I just received this comment from a showing broker this morning. This is the type of feedback we have received on our listings that causes us to promote some standards by which both sellers and buyers may be treated fairly in this unusually tight market.
- 4 days is long enough to gather enough offers. To go longer will frustrate more buyers than it will attract. Also, if you end up with no offers, the longer the timeline, the greater the damage to the seller’s value. Enter the listing into the NWMLS [“Northwest Multiple Listing Service”] Thursday evening, review offers Monday evening.
- Pre-listing inspection. If a listing broker believes there will be multiple offers they should convince their seller to have a pre-listing inspection done on the property, and share the results with all prospective buyers. This will allow buyers to adjust their respective bids accordingly e.g., if they know the furnace is 20 years old they may want to reduce their offer by $3,000-5,000. Does this hurt the seller? No. It helps the seller because the buyer is bidding with confidence. Confidence exponentially increases the likelihood that the buyer will finish the deal, not walk away on their inspection contingency.

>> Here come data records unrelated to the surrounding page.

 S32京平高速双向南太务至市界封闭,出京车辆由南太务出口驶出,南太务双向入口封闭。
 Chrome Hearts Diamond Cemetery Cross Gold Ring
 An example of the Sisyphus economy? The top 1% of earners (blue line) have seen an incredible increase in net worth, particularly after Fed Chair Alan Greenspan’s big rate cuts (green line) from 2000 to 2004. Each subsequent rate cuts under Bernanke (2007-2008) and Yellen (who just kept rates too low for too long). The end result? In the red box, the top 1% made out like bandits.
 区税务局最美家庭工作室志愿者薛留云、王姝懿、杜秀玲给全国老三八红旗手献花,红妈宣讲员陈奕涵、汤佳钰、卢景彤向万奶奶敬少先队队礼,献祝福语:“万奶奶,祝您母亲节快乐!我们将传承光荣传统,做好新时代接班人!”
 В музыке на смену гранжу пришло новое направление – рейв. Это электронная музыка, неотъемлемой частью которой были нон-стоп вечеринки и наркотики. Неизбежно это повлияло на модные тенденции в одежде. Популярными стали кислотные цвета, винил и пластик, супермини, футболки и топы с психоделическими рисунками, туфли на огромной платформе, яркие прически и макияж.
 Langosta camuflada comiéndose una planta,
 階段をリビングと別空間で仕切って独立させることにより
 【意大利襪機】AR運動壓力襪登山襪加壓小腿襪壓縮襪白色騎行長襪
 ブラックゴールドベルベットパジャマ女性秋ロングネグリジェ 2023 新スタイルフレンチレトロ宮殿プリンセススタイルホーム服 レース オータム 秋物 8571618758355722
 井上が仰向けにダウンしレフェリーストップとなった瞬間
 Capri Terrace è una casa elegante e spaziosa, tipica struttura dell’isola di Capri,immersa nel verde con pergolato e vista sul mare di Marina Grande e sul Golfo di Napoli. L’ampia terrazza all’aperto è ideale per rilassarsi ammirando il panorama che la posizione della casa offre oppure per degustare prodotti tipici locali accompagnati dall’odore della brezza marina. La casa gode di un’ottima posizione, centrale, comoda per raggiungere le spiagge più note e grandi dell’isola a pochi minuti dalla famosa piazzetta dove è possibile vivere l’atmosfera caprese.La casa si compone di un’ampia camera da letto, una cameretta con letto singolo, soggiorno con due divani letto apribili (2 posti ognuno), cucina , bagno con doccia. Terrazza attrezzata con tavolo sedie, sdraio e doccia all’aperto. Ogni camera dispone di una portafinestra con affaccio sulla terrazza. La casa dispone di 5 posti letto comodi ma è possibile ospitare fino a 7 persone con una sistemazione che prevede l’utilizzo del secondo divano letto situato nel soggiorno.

- Do not allow pre-offer inspections. Contrary to what some brokers may believe, this does not help anyone. Ostensibly, the idea is to be able to submit a buyer’s offer WITHOUT an inspection contingency. There are three distinct disadvantages to this practice. (1) You will have buyers that have more information than other potential buyers about the subject property. Unless all buyers conduct a pre-offer inspection the playing field is uneven. (2) No seller should be subjected to this inconvenience, and most would not allow it if they weren’t convinced by their listing broker that it was a good idea. Any property can get trashed pretty fast when 4 or more inspections are conducted in a 48 hour period. Furnaces, appliances, fireplaces, garage door openers, etc., are all put through their paces at a rate that may invite failure in the near future. Who is the seller going to blame? (3) Pre-offer inspections tend to be low quality efforts. The potential buyer does not want to spend $400-600. They will seek a discounted rate for what amounts to a general evaluation of the property in the $200-300 range. This is no fault of the inspector, it is what the buyer wants (4) The biggest gaff of all is submitting any offer without an inspection contingency. Regardless of the buyer’s pre-offer inspection, every broker that submits an offer without an inspection contingency is potentially “on the hook” for anything that goes wrong with that property after the fact. “Additional inspections” are often called for by home inspectors, and buyers are protected by this provision in the NWMLS Inspection Contingency Form No. 35. Home inspectors generally do not inspect: hot tubs ($5,000-10,000), Chimneys/flues ($500-3,500), swimming pools ($400-no limit), furnace heat exchangers ($1,000-1,800), AC components ($3,500-6,000), irrigation systems ($250-no limit), sewer lines ($235-8,000). These are the items, and their potential replacement costs that are not covered in most home inspections. Most of these items will also not be covered by homeowner’s insurance and/or that nifty $100 home warranty your selling broker offers you as an inducement to roll the dice.
- NWMLS RULE NEEDED… WITH FINES. Listing Brokers make the rules on how their respective listings are to be shown and offers tendered. Sellers, until very recently, do not dream this stuff up on their own. If a listing comes on the market with specific rules for timelines in dealing with offers, those rules should not be allowed to change. This has to be the single most frustrating facet of the current multiple offer environment, for both buyers and their respective brokers. Scenario: (1) Listing broker states in the “agent only” remarks section of the listing, “offers to be reviewed by seller Monday at 5:00 PM”. (2) Selling broker calls their buyer to arrange to see the property Saturday afternoon. (3) Buyer likes the property and has selling broker submit their offer Sunday afternoon. (4) Listing broker calls selling broker upon receiving said offer and states, “oh, so sorry, my seller accepted an offer Saturday evening”. Brokers justify changing or ignoring their own rules by stating, “I was doing what was best for my seller”. This is patently unfair and unprofessional. Rules need to be created and enforced, with substantial fines, in order to curb this behavior. Such scenarios discredit all brokers and erodes the confidence that people place in us as trusted advisers.
Surely there are brokers that will disagree with me, and the NWMLS may never get around to addressing these problems before the current market conditions cool a bit. However, ethics and professionalism demand a coherent solution that will insure confidence in how we conduct our business. A few rogue/misinformed brokers should not be allowed to cause residential real estate brokers to appear inept.